Half-Life 2 for Linux Review
key review info
- Game: Half-Life 2
- Platform: Linux
- Gamepad support: N/a
- Reviewed on:
- Show system requirements
Gamers only have to say the name Half-Life 2 and everyone knows what the game is all about, but Linux gamers are not accustomed with this kind of quality. We'll take a closer look at this game that only recently managed to arrive on the Linux platform.
The fragmentation of the Linux community has been (and still is) the biggest hurdle for any major gaming company. Some studios released the source code for various smaller titles in the past, but the porting work has been marginal, at best.
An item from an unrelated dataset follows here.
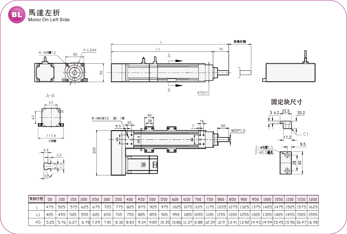 Stroke Pitch (mm)50-1200mm/50Pitch
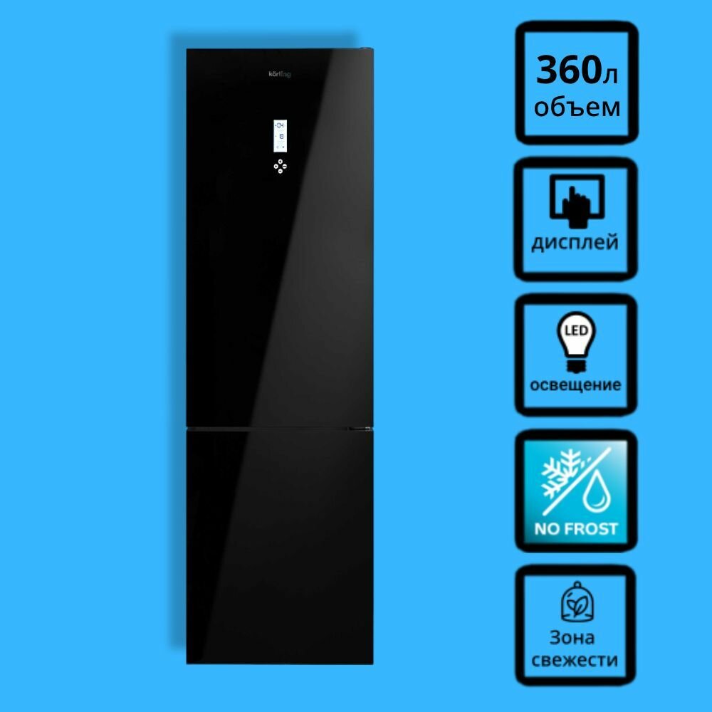 Холодильник двухкамерный Korting KNFC 61868 GN (черный)

The first company to break the ice, and by this I mean to invest a colossal sum of money in the Linux platform, was Valve. It was the first to provide a digital distribution client for games when users were still battling for enough bandwidth.
The presence of Half-Life 2 on Linux is actually an investment in the future, made by Valve, but how does it actually hold up to scrutiny? Was it worth it?
Installing Half-Life 2 is impossible without installing Steam for Linux first. This is actually quite simple and it can be done in a couple of ways. The methods shown here have been tested in Ubuntu 13.04 64-bit.
You can download the .deb file from the official Steam website and run it with a simple double click. This action will open Ubuntu Software Center, which will take care of the rest (you can also install straight from USC, but you're going to need an account and that's too much of a hassle).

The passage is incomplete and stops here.